:: PROBLEM TO WORK ON ::
Wherever an image appears in the data, omit it and copy all the remaining text word for word.

:: PROVIDED MATERIAL ::
○ ○ ○ ○ ○

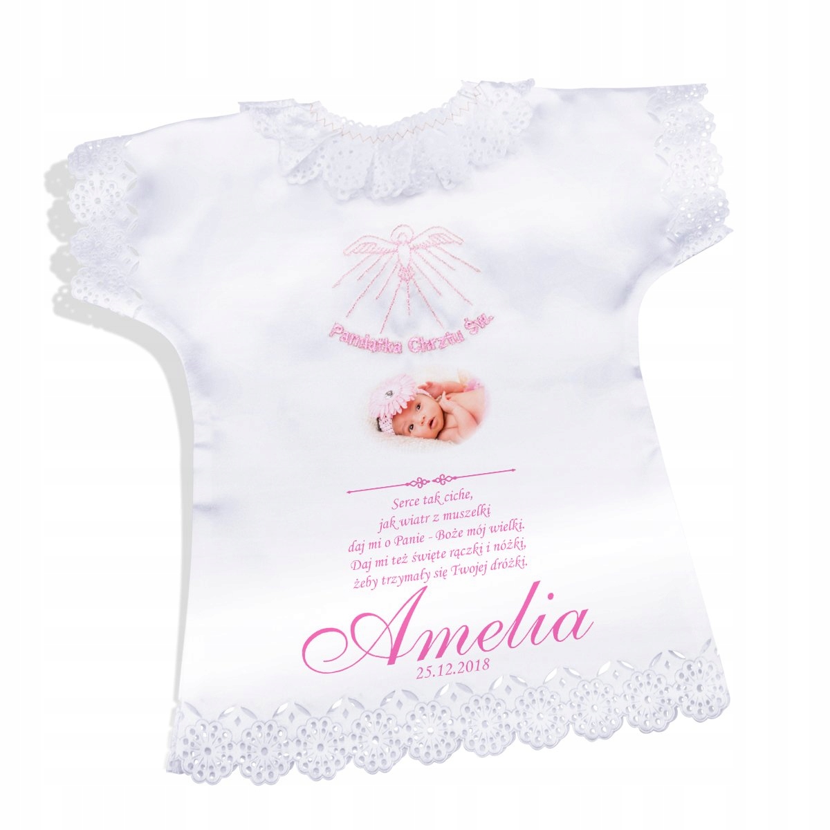 Футболка с крестильным халатом, розовый атлас, Сувенир Крещение с фото
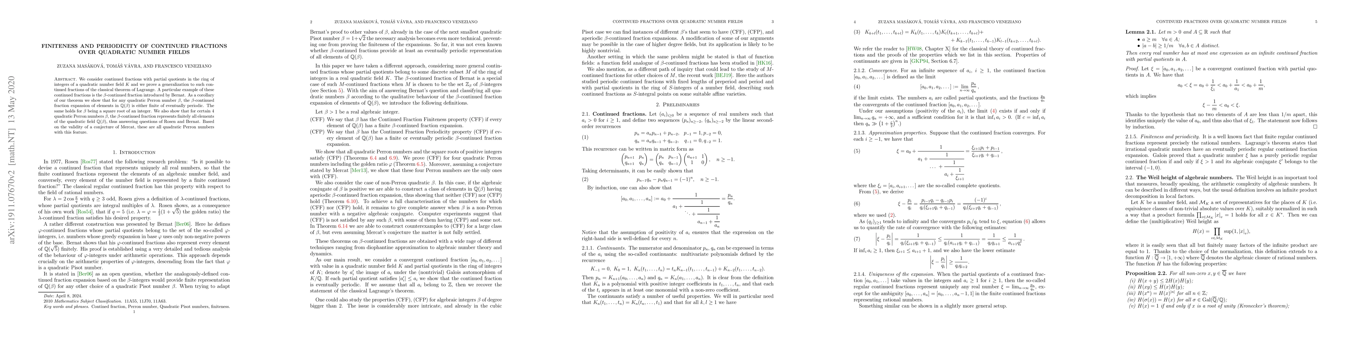 This paper generalizes Lagrange's theorem to continued fractions with partial quotients in quadratic number fields, proving that $\beta$-continued fraction expansions for quadratic Perron numbers $\beta$ are either finite or eventually periodic. It also addresses a conjecture by Mercat, showing that specific quadratic Perron numbers uniquely represent all elements in their associated quadratic fields.
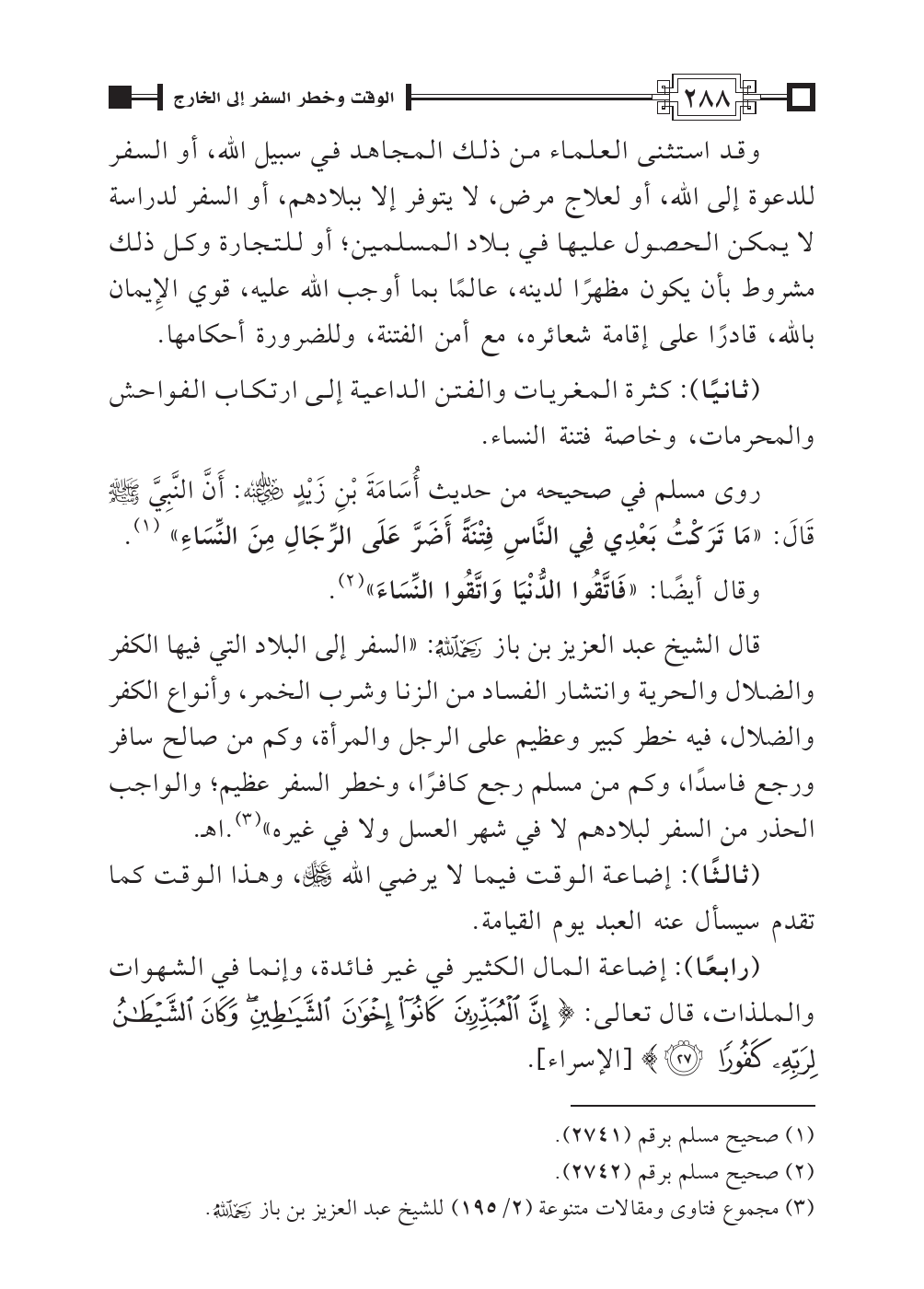 قال الشيخ عبد العزيز بن باز رحمه الله: «السفر إلى البلاد التي فيها الكفر والضلال والحرية وانتشار الفساد من الزنا وشرب الخمر، وأنواع الكفر والضلال، فيه خطر كبير وعظيم على الرجل والمرأة، وكم من صالح سافر ورجع فاسدًا، وكم من مسلم رجع كافرًا، وخطر السفر عظيم؛ والواجب الحذر من السفر لبلادهم لا في شهر العسل ولا في غيره» (¬٣).اهـ.

○ ○ ○ ○ ○

:: SOLUTION TO THE PROBLEM ::
 Футболка с крестильным халатом, розовый атлас, Сувенир Крещение с фото
 This paper generalizes Lagrange's theorem to continued fractions with partial quotients in quadratic number fields, proving that $\beta$-continued fraction expansions for quadratic Perron numbers $\beta$ are either finite or eventually periodic. It also addresses a conjecture by Mercat, showing that specific quadratic Perron numbers uniquely represent all elements in their associated quadratic fields.
 قال الشيخ عبد العزيز بن باز رحمه الله: «السفر إلى البلاد التي فيها الكفر والضلال والحرية وانتشار الفساد من الزنا وشرب الخمر، وأنواع الكفر والضلال، فيه خطر كبير وعظيم على الرجل والمرأة، وكم من صالح سافر ورجع فاسدًا، وكم من مسلم رجع كافرًا، وخطر السفر عظيم؛ والواجب الحذر من السفر لبلادهم لا في شهر العسل ولا في غيره» (¬٣).اهـ.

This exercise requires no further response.